◆ **YOUR GOAL**: In the listing that follows, find the line with "A photo featuring", then copy exactly from it through the line with "今年も出演させて頂けましたこと、 有難くお礼申し上げます。 |", leaving out every picture.

◆ **DATA SHOWN**:
================================

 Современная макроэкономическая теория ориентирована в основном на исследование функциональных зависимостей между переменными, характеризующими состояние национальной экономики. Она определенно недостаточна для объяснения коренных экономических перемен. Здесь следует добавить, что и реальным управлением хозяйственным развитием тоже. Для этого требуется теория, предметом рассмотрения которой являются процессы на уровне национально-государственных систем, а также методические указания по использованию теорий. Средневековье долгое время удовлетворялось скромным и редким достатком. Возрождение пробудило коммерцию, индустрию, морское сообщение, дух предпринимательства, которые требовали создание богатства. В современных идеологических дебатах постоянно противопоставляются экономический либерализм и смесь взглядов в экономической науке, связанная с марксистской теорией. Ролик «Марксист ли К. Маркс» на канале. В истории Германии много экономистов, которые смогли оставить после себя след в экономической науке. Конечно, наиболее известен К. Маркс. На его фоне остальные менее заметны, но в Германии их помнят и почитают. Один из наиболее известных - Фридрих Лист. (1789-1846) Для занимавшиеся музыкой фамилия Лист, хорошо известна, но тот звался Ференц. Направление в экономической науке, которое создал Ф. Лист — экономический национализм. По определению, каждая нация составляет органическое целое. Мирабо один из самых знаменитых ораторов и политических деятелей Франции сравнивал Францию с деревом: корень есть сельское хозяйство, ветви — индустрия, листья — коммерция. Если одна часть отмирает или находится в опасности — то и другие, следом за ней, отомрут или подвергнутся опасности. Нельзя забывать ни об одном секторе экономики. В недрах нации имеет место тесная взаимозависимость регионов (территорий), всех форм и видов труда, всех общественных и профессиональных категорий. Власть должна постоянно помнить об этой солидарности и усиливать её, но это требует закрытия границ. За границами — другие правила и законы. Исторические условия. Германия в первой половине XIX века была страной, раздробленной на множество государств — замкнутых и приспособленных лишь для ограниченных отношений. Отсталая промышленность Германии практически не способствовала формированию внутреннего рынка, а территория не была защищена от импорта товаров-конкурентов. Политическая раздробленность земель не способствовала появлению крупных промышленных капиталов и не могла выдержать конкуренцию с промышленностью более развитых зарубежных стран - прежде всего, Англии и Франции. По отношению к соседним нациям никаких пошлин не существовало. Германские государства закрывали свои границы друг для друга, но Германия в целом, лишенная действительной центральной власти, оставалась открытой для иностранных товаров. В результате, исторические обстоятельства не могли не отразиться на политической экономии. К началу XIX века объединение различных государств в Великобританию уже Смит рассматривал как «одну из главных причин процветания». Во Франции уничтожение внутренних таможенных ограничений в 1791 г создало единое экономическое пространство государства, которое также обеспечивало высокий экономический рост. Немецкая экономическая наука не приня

================================

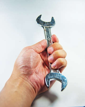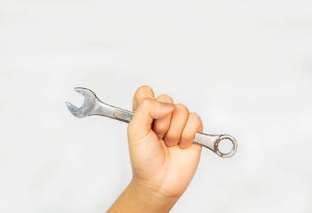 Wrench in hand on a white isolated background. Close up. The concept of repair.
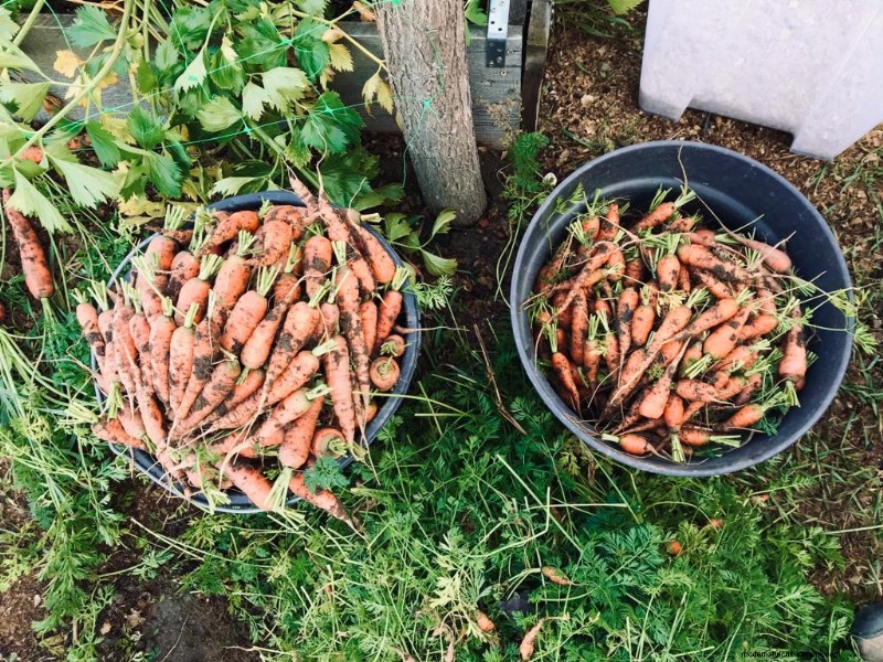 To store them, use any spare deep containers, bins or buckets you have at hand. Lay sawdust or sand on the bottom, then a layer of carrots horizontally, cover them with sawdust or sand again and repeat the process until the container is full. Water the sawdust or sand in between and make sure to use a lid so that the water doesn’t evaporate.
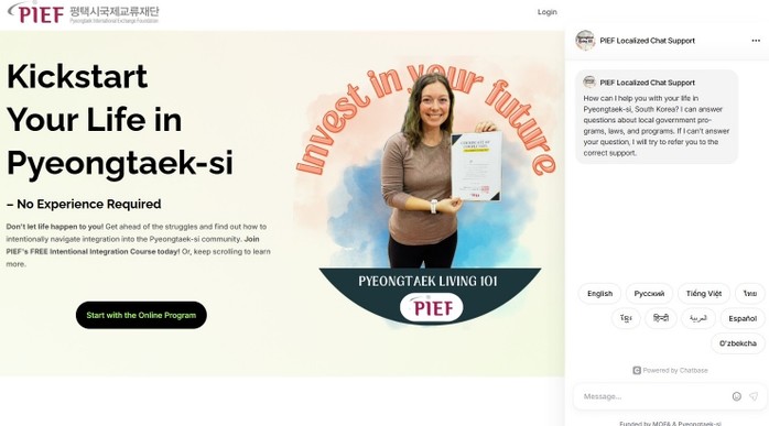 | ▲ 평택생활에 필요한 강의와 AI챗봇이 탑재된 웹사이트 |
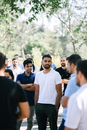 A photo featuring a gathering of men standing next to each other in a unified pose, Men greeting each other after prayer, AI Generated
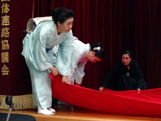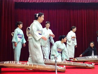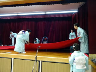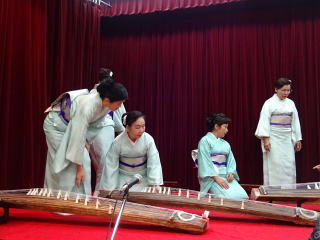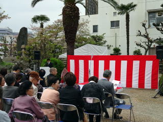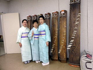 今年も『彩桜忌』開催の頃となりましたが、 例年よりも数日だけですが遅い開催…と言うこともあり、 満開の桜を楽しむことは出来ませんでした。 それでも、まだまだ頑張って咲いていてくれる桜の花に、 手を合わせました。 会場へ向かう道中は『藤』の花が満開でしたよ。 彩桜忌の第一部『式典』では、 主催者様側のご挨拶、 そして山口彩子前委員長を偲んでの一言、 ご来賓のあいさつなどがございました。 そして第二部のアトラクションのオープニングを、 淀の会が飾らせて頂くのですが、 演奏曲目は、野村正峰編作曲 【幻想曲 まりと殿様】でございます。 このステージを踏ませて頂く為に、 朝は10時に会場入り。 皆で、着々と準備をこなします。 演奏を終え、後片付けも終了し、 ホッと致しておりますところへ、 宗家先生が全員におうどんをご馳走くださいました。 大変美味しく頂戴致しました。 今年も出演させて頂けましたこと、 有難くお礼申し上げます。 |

================================

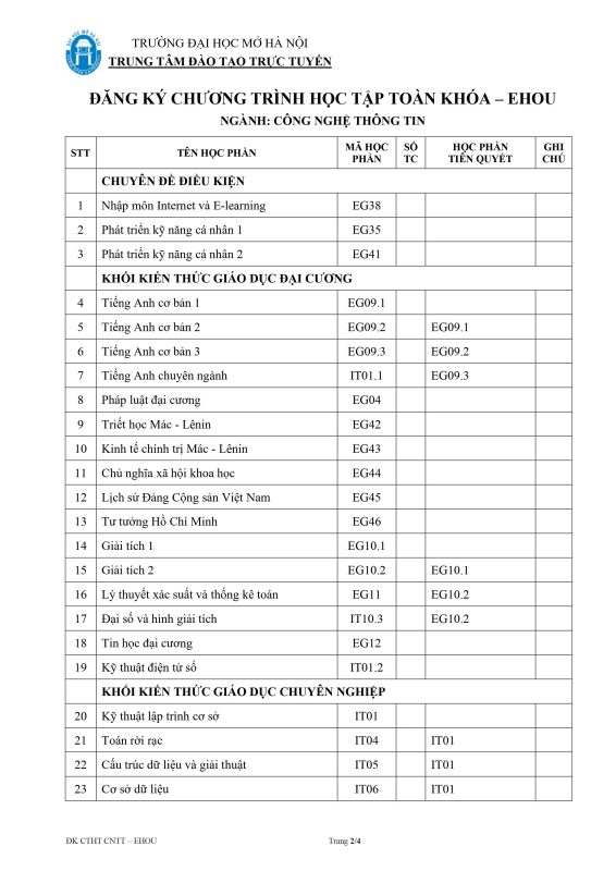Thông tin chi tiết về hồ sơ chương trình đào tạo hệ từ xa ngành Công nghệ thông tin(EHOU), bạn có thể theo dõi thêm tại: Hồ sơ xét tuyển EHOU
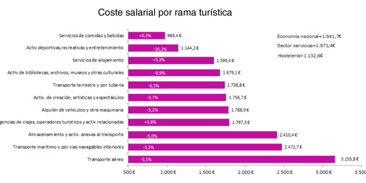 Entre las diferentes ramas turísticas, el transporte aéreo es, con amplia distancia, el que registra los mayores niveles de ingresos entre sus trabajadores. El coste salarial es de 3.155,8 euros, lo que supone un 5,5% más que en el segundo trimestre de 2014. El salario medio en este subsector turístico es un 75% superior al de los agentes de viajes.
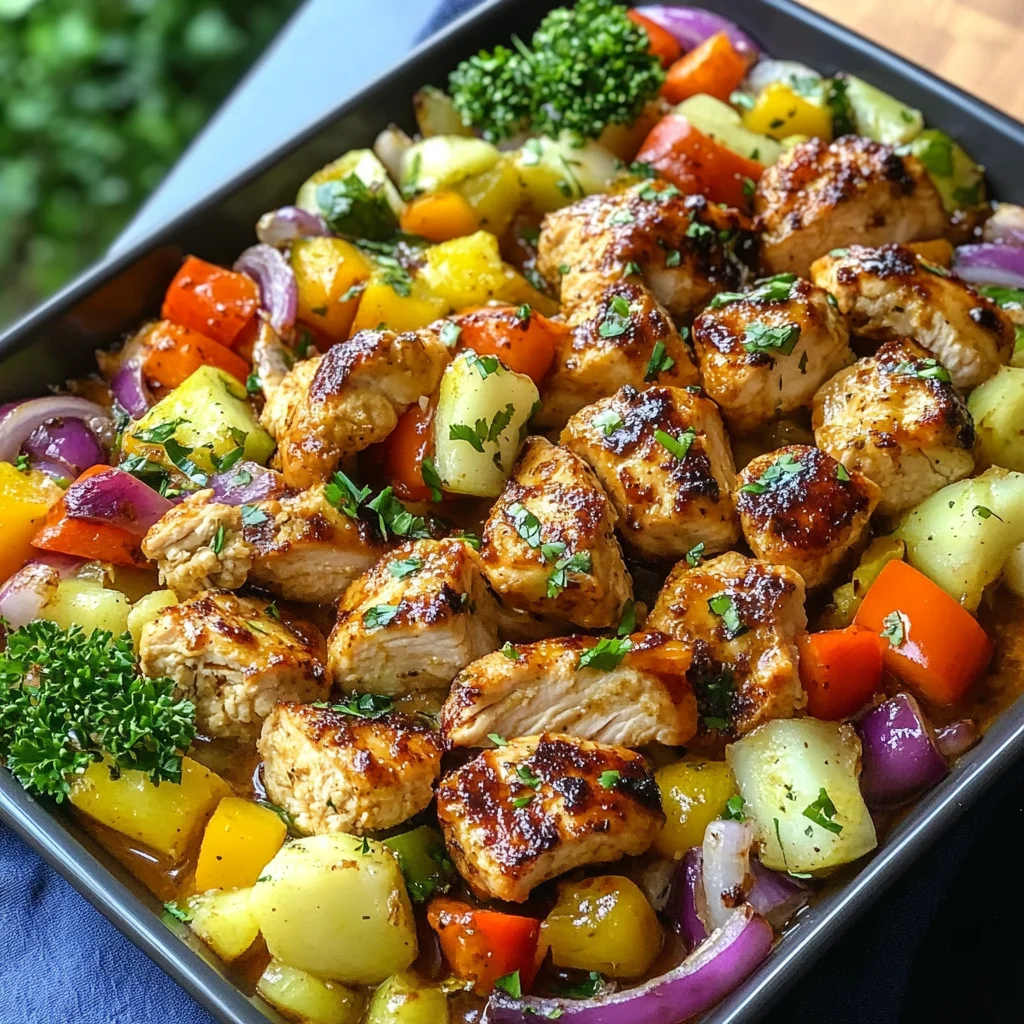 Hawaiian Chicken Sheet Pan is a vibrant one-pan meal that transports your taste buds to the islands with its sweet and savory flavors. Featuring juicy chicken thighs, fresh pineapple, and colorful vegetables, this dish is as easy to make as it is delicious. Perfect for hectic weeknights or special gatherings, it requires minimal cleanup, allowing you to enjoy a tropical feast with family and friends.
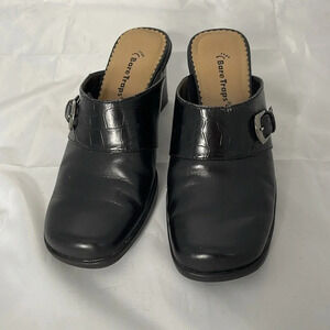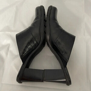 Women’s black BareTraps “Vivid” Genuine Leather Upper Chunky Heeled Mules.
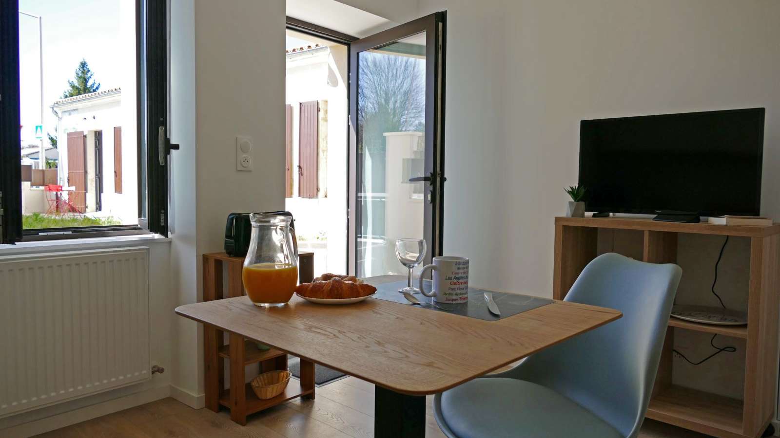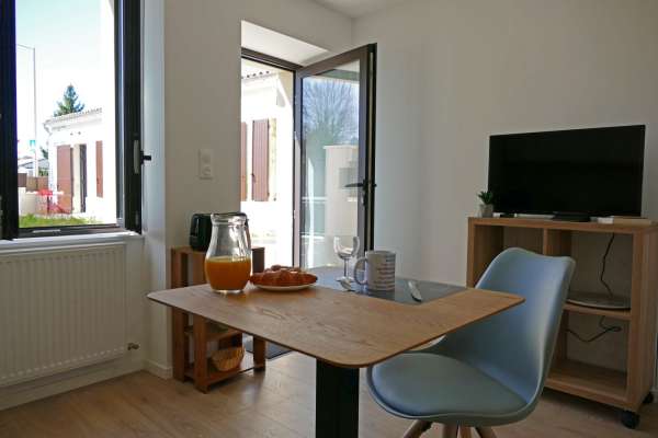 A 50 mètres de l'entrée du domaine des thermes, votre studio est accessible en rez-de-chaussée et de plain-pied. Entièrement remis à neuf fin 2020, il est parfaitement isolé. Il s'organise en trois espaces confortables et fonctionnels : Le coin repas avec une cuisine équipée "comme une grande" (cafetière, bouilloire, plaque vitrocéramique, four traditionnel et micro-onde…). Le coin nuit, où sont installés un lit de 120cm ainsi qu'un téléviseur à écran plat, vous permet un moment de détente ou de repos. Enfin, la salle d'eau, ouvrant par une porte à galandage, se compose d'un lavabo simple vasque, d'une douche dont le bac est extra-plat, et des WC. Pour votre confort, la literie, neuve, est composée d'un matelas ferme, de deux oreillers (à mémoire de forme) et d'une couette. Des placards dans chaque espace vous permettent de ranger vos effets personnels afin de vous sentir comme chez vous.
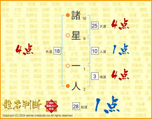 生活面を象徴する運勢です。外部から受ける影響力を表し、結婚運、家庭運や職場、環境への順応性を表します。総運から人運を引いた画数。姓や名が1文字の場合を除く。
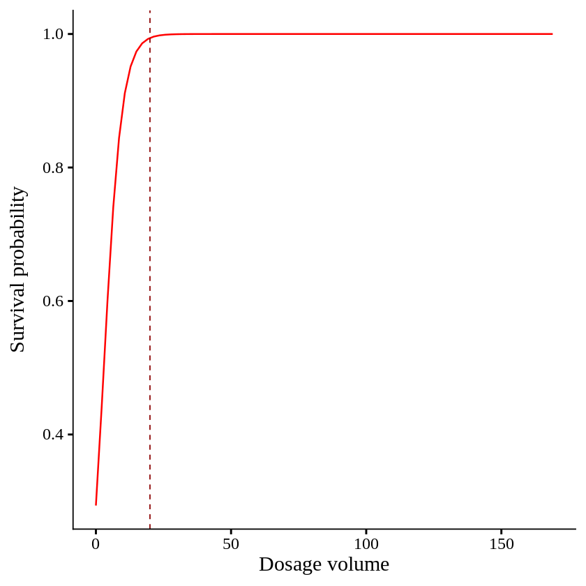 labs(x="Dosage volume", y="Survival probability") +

================================

◆ **TASK SOLUTION**:
 A photo featuring a gathering of men standing next to each other in a unified pose, Men greeting each other after prayer, AI Generated
 今年も『彩桜忌』開催の頃となりましたが、 例年よりも数日だけですが遅い開催…と言うこともあり、 満開の桜を楽しむことは出来ませんでした。 それでも、まだまだ頑張って咲いていてくれる桜の花に、 手を合わせました。 会場へ向かう道中は『藤』の花が満開でしたよ。 彩桜忌の第一部『式典』では、 主催者様側のご挨拶、 そして山口彩子前委員長を偲んでの一言、 ご来賓のあいさつなどがございました。 そして第二部のアトラクションのオープニングを、 淀の会が飾らせて頂くのですが、 演奏曲目は、野村正峰編作曲 【幻想曲 まりと殿様】でございます。 このステージを踏ませて頂く為に、 朝は10時に会場入り。 皆で、着々と準備をこなします。 演奏を終え、後片付けも終了し、 ホッと致しておりますところへ、 宗家先生が全員におうどんをご馳走くださいました。 大変美味しく頂戴致しました。 今年も出演させて頂けましたこと、 有難くお礼申し上げます。 |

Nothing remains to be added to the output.